Records provided -

•••••

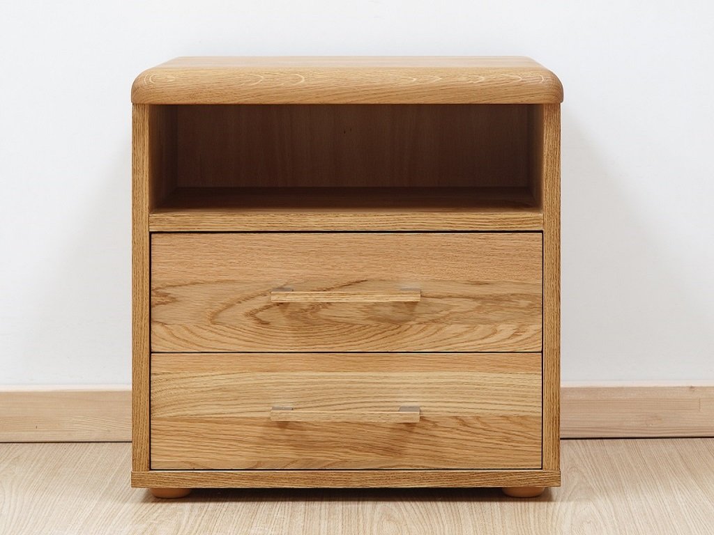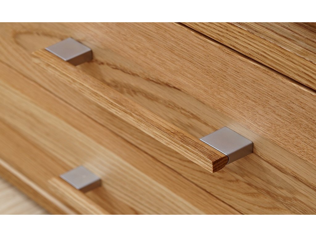 V provedení Buk/Dub se jedná o kombinaci přírodní dýhy (boky, dna a mezistěny), masivního dřeva (horní desky a přední plochy) a masivní bukové překližky (obvody zásuvek a záda komod).
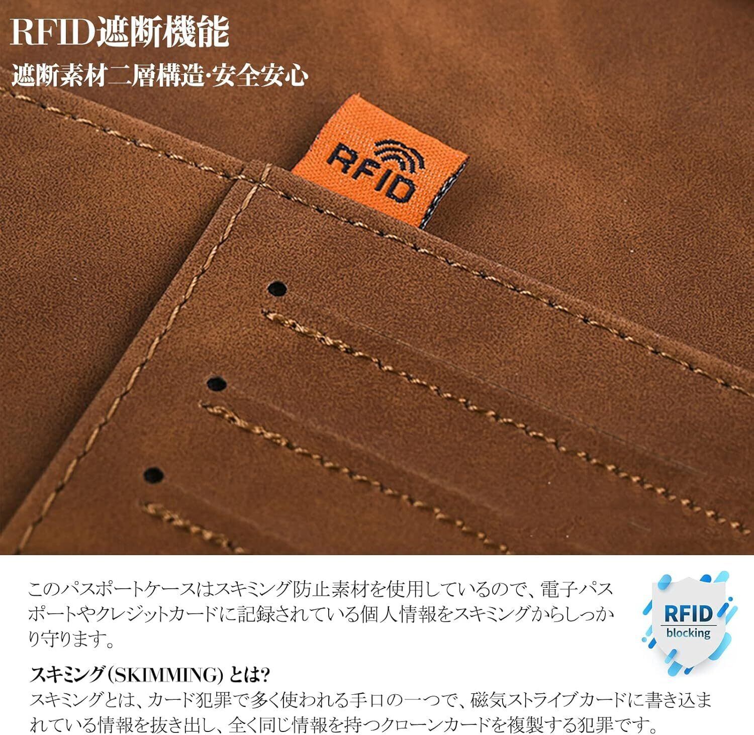 【スキミング防止機能搭載】このパスポートケースはスキミング防止素材を使用しているので、電子パスポートやクレジットカード、キャッシュカードなに記録されている個人情報をスキミングからしっかり守ります
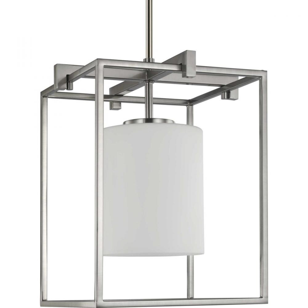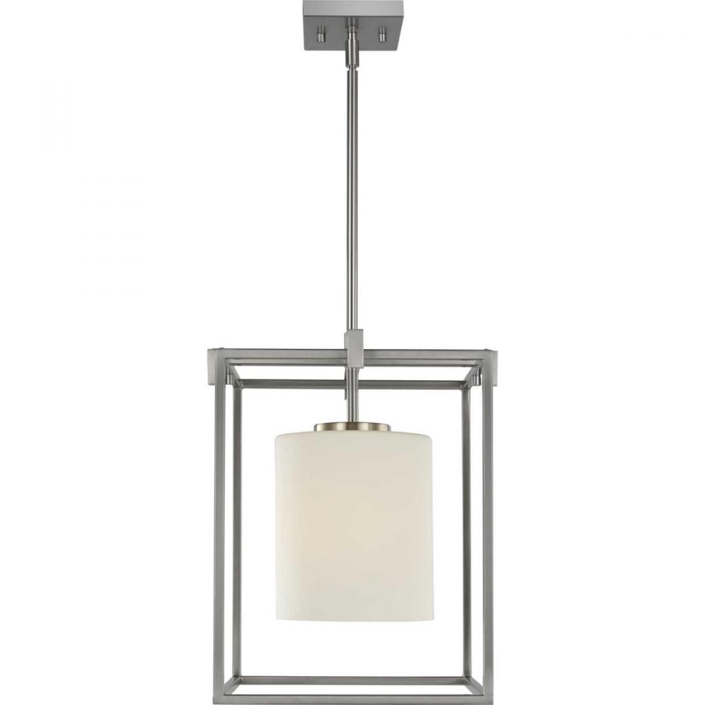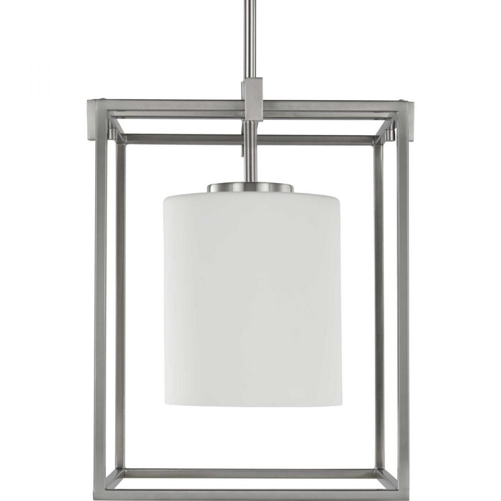 Stick With Simple Geometric Forms And Clean Crisp Lines With This Modern Mini-Pendant. A Beautiful Opal Glass Shade Visually Calms The Sharp Edges Of The Boxy Frame In A Masterful Stroke Of Design Excellence. The Frame Is Coated In A Classic Brushed Nickel Finish That Contrasts The Light Shade. The Light Fixture Is Just Right For Spaces In Need Of A Subtle, Feminine Touch.
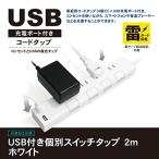 ・電源タップ USB 延長コード 個別スイッチ付き 2m ホワイト
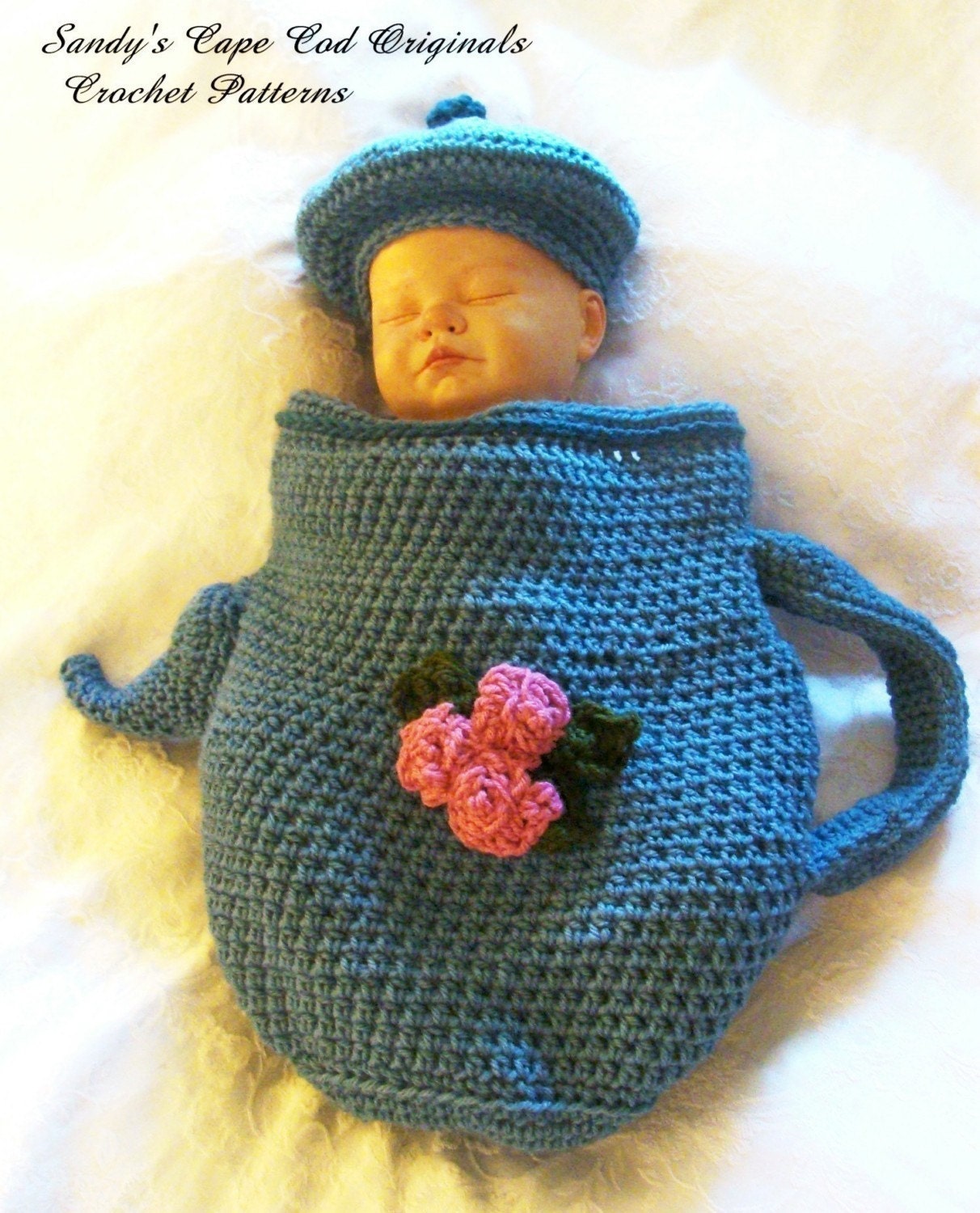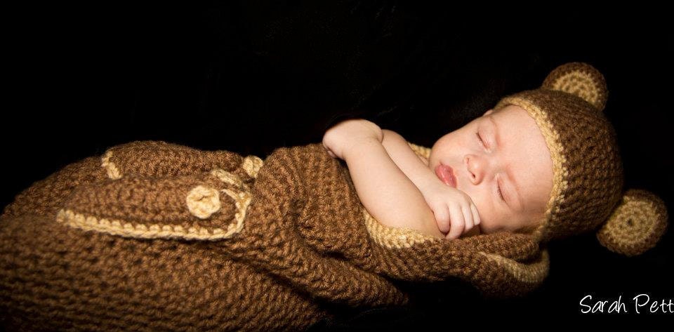 Загорелась я этими шапочками, и решила попробовать хоть что нибудь похожее связать, взяла крючёк и пряжу в руки и через полтора часа шапочка "с ушками" для моей Васюшки была готова.
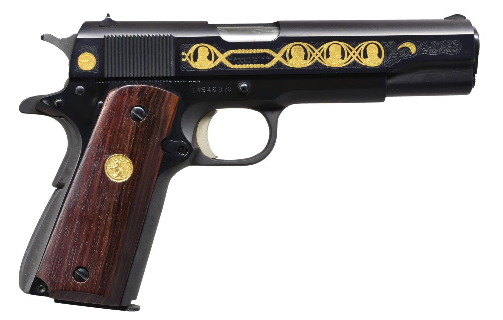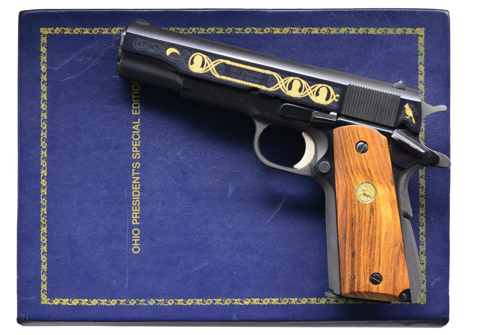 AUTO PISTOL. Cal. 45 ACP. S# 14546B70. Limited edition of 250 produced by the Colt Custom Shop in 1979 as a tribute to the 7 Presidents from the State of Ohio. Bbl. 5". Blue finish w/ special gold plated slide markings. Right side of slide has portraits of Presidents Harrison, McKinley, Taft & Harding w/ Ohio state seal behind serrations. Left side of slide has gold plated portraits of Presidents Grant, Hayes & Garfield w/ gold plated state bird behind the serrations. Portraits are bordered by vine type foliate scroll ornamentation w/ gold "1 of 250" marking on both sides of slide. Rosewood grips w/ gold Rampant Colt medallions. Right grip panel has deep reddish color, left panel is light colored w/ dark streaks. UNATTACHED ACCESSORIES: book style storage case w/ blue cover having gold markings "OHIO PRESIDENTS SPECIAL EDITION". Fitted interior has white cloth lining w/ brass plaque showing portraits of all 7 Ohio Presidents. CONDITION: appears to be unfired retaining over 99% finish. Polished sides of hammer have acquired spots of corrosion from storage. (21-586/DS). MODERN. $1,200-1,800.
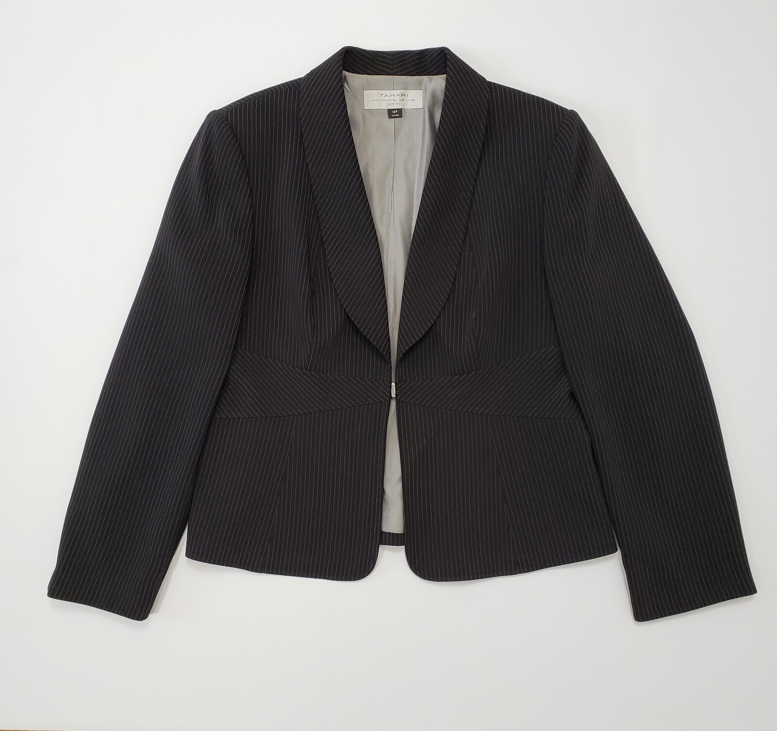 TAHARI Pinstripe Blazer Size 12P Womens Black Pinstripe Suit Jacket

•••••

Copy the full listing above exactly, apart from the pictures.

Result of this task -
 V provedení Buk/Dub se jedná o kombinaci přírodní dýhy (boky, dna a mezistěny), masivního dřeva (horní desky a přední plochy) a masivní bukové překližky (obvody zásuvek a záda komod).
 【スキミング防止機能搭載】このパスポートケースはスキミング防止素材を使用しているので、電子パスポートやクレジットカード、キャッシュカードなに記録されている個人情報をスキミングからしっかり守ります
 Stick With Simple Geometric Forms And Clean Crisp Lines With This Modern Mini-Pendant. A Beautiful Opal Glass Shade Visually Calms The Sharp Edges Of The Boxy Frame In A Masterful Stroke Of Design Excellence. The Frame Is Coated In A Classic Brushed Nickel Finish That Contrasts The Light Shade. The Light Fixture Is Just Right For Spaces In Need Of A Subtle, Feminine Touch.
 ・電源タップ USB 延長コード 個別スイッチ付き 2m ホワイト
 Загорелась я этими шапочками, и решила попробовать хоть что нибудь похожее связать, взяла крючёк и пряжу в руки и через полтора часа шапочка "с ушками" для моей Васюшки была готова.
 AUTO PISTOL. Cal. 45 ACP. S# 14546B70. Limited edition of 250 produced by the Colt Custom Shop in 1979 as a tribute to the 7 Presidents from the State of Ohio. Bbl. 5". Blue finish w/ special gold plated slide markings. Right side of slide has portraits of Presidents Harrison, McKinley, Taft & Harding w/ Ohio state seal behind serrations. Left side of slide has gold plated portraits of Presidents Grant, Hayes & Garfield w/ gold plated state bird behind the serrations. Portraits are bordered by vine type foliate scroll ornamentation w/ gold "1 of 250" marking on both sides of slide. Rosewood grips w/ gold Rampant Colt medallions. Right grip panel has deep reddish color, left panel is light colored w/ dark streaks. UNATTACHED ACCESSORIES: book style storage case w/ blue cover having gold markings "OHIO PRESIDENTS SPECIAL EDITION". Fitted interior has white cloth lining w/ brass plaque showing portraits of all 7 Ohio Presidents. CONDITION: appears to be unfired retaining over 99% finish. Polished sides of hammer have acquired spots of corrosion from storage. (21-586/DS). MODERN. $1,200-1,800.
 TAHARI Pinstripe Blazer Size 12P Womens Black Pinstripe Suit Jacket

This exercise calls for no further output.